(Extracted data entries)
————————

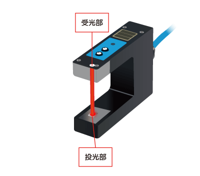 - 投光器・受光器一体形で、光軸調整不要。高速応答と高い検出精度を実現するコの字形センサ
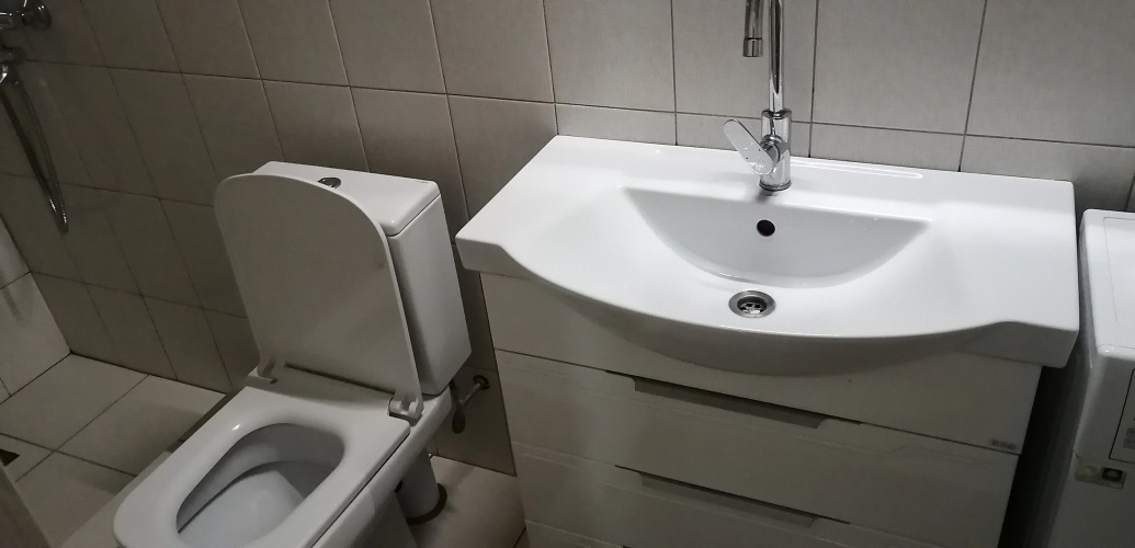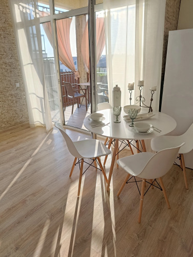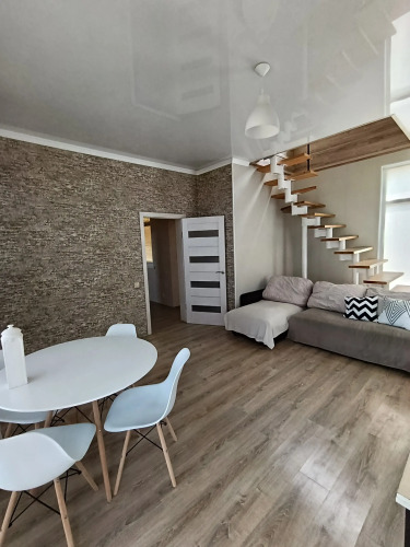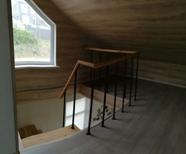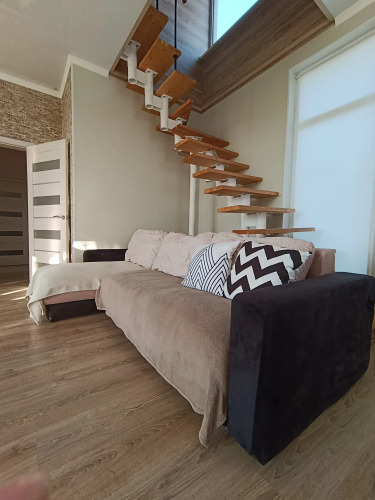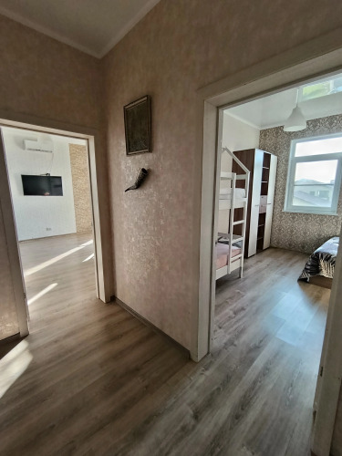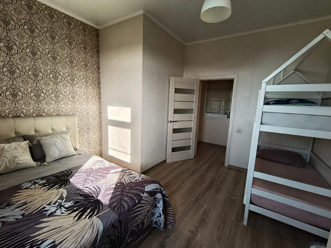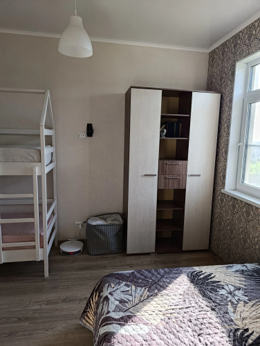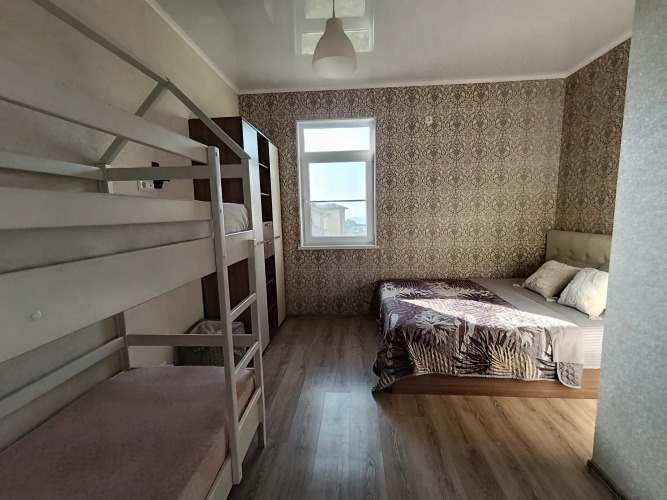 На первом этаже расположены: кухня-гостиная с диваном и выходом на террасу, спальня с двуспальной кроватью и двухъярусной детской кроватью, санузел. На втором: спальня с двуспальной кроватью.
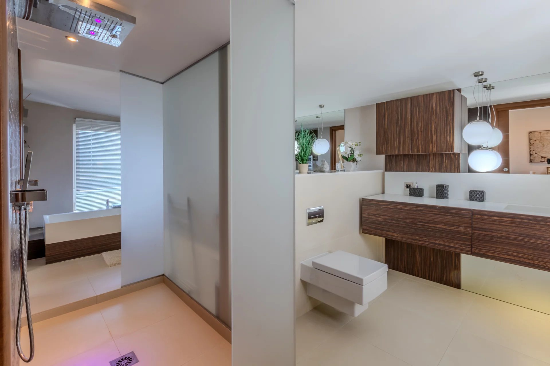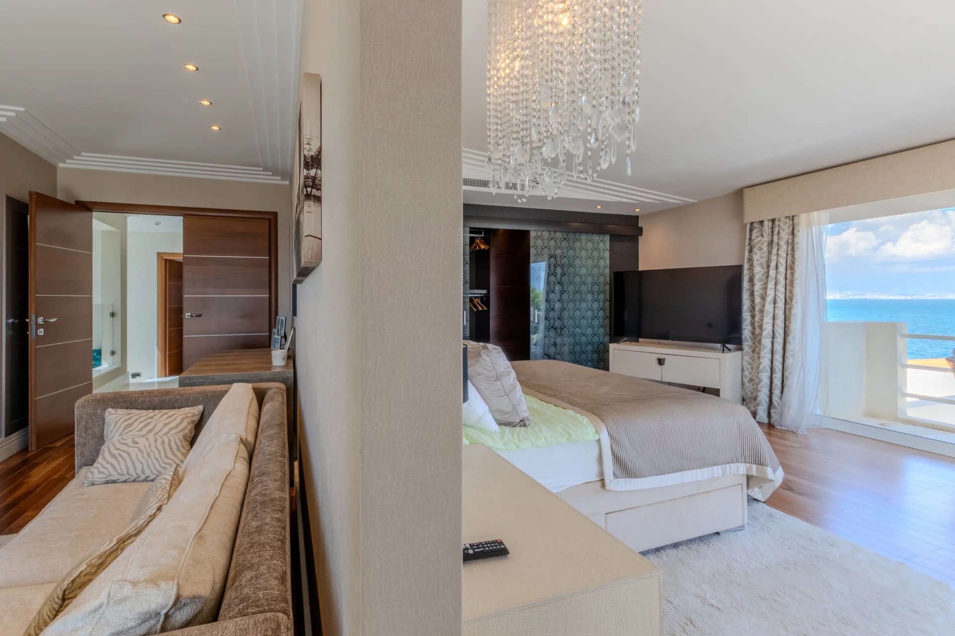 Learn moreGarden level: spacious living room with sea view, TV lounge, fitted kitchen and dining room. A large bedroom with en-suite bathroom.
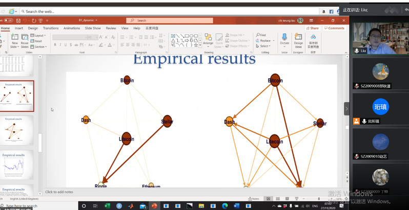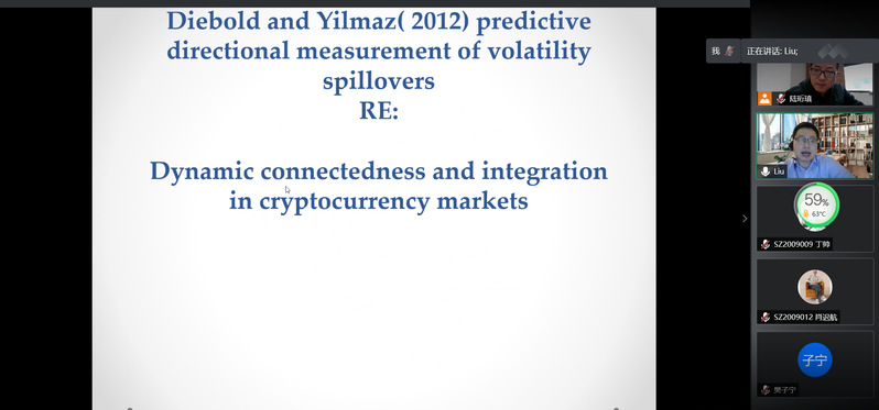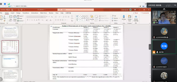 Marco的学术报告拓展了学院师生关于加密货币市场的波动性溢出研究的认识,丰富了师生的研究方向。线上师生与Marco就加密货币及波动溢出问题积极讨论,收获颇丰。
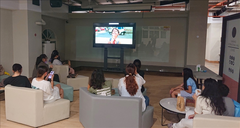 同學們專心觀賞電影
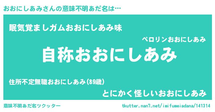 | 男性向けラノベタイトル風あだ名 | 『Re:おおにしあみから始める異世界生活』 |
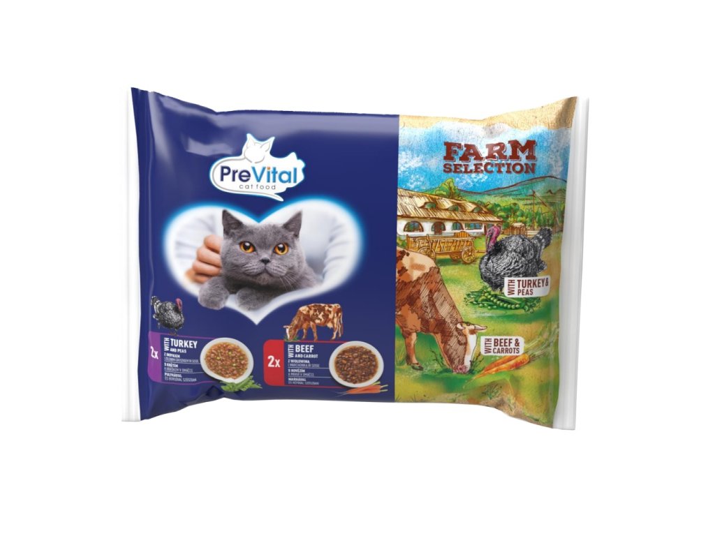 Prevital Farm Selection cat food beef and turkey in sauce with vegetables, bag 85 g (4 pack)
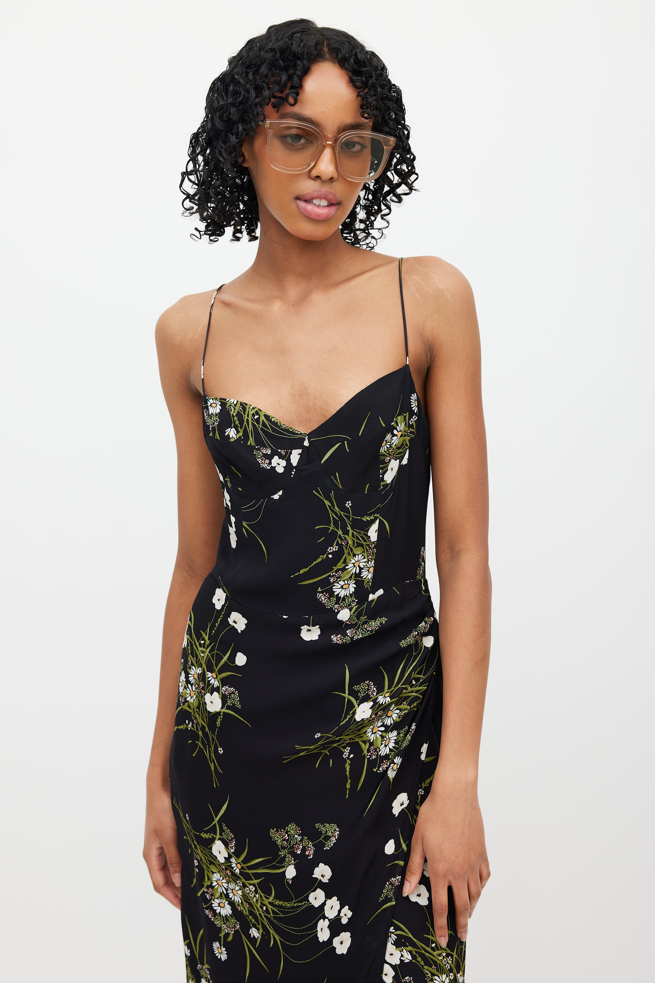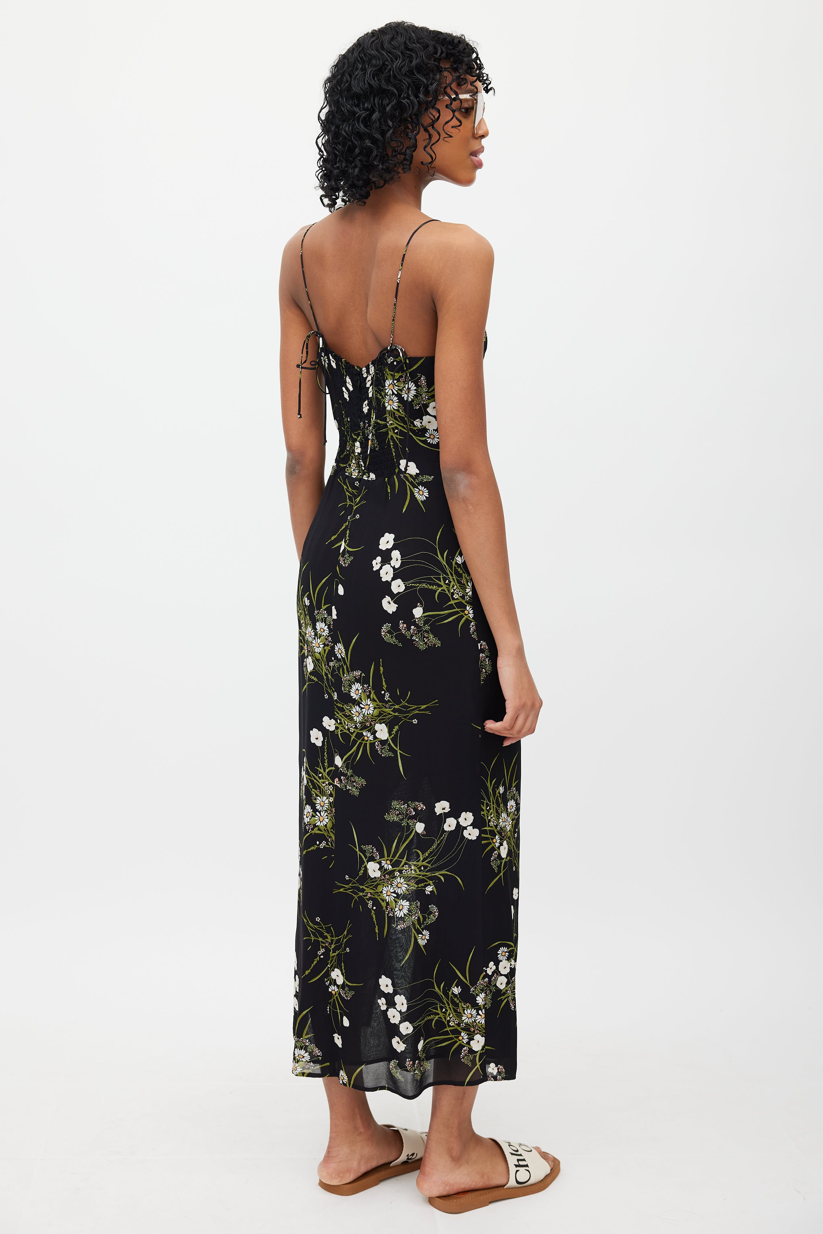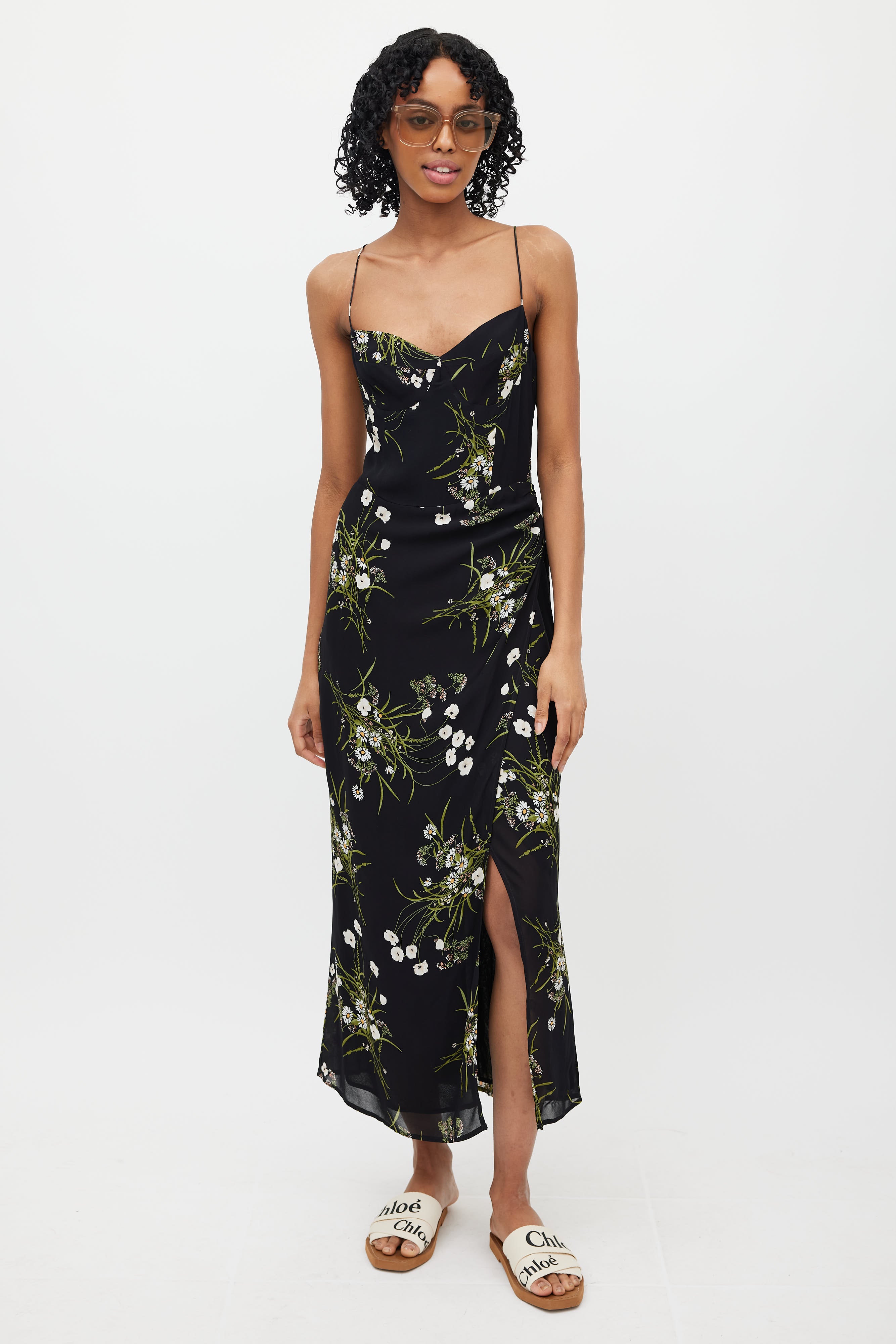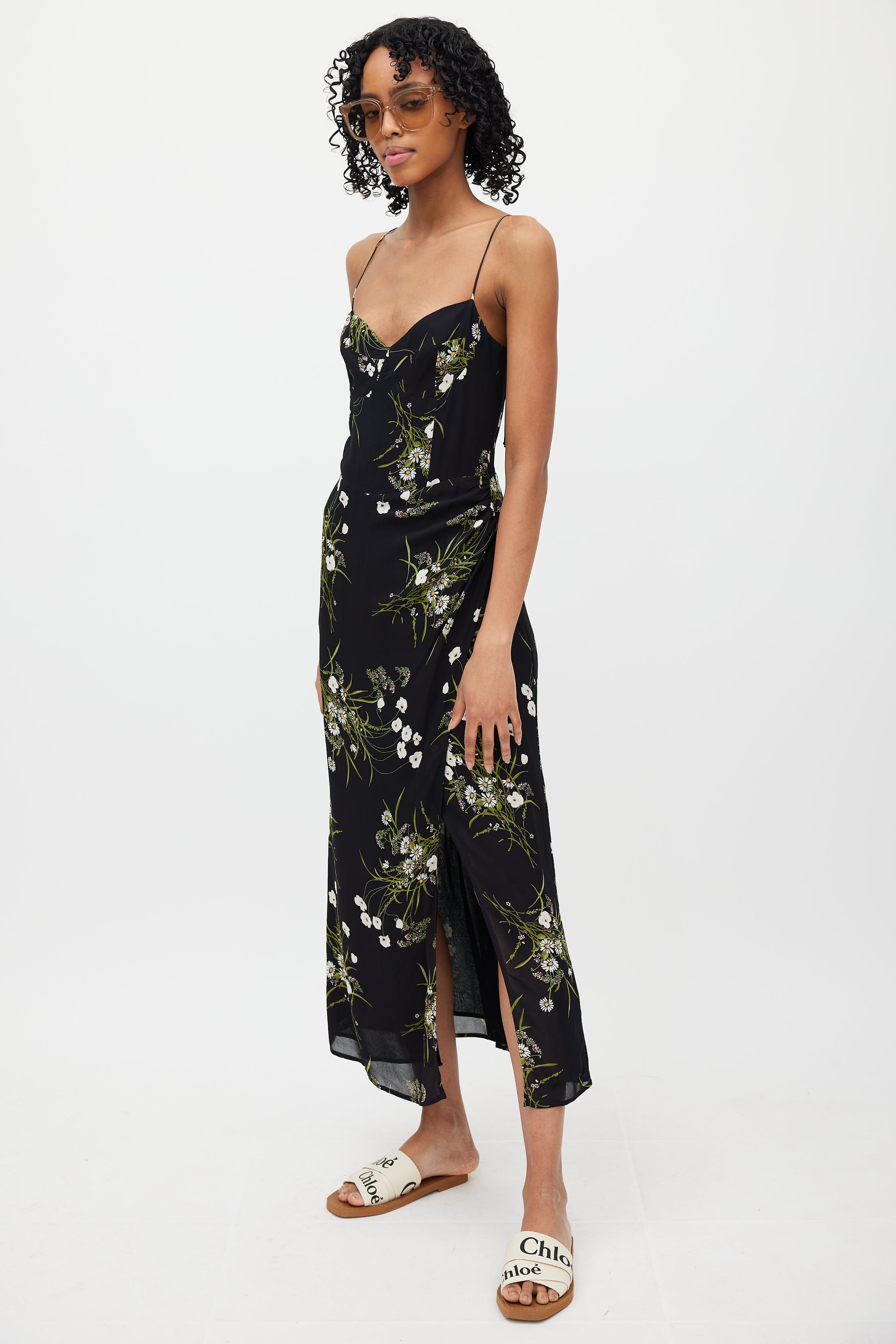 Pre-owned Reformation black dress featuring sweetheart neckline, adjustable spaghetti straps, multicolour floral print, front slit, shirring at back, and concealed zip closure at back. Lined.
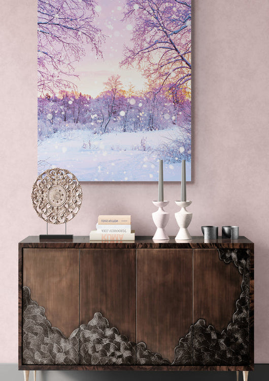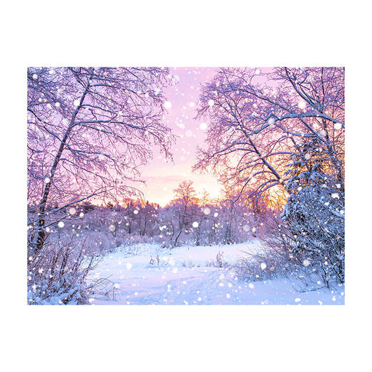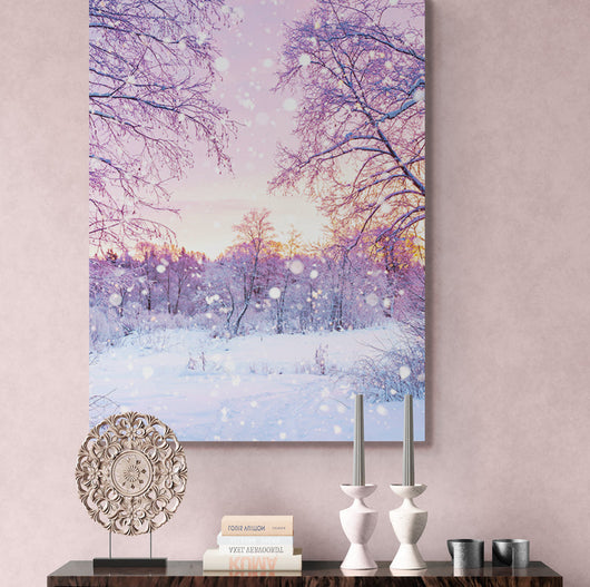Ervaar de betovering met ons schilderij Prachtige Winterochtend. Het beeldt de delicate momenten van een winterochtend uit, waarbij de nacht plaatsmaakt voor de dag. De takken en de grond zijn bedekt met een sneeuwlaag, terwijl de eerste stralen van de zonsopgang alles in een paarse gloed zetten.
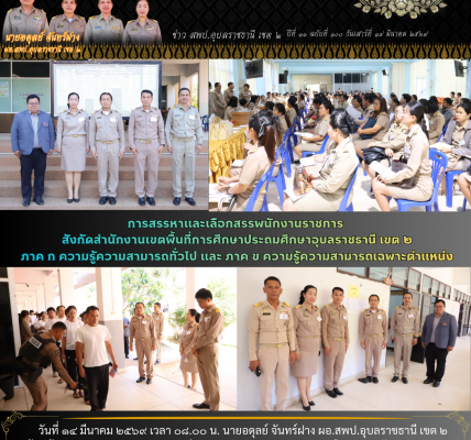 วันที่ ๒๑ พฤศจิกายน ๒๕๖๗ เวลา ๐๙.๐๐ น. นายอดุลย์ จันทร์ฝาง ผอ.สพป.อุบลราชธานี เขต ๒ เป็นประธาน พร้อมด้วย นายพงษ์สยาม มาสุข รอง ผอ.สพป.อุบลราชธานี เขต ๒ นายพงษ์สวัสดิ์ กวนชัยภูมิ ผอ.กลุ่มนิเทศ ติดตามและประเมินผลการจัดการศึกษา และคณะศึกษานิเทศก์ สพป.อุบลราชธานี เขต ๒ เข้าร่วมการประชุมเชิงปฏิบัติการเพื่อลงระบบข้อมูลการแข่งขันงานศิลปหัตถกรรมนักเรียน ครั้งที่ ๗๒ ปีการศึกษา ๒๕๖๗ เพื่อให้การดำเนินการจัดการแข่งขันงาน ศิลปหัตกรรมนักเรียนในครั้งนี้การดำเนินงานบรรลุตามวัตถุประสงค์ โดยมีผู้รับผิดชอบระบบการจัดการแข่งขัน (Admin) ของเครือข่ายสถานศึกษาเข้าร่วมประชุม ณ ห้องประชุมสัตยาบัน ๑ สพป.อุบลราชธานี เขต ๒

————————

[PROBLEM DESCRIPTION]: Both the line containing "男性向けラノベタイトル風あだ名 | 『Re:おおにしあみから始める異世界生活』 |" and the line containing "Prevital Farm Selection" above belong in the output, as do the lines between them. Print them exactly, without pictures.

[WRITTEN SOLUTION]:
 | 男性向けラノベタイトル風あだ名 | 『Re:おおにしあみから始める異世界生活』 |
 Prevital Farm Selection cat food beef and turkey in sauce with vegetables, bag 85 g (4 pack)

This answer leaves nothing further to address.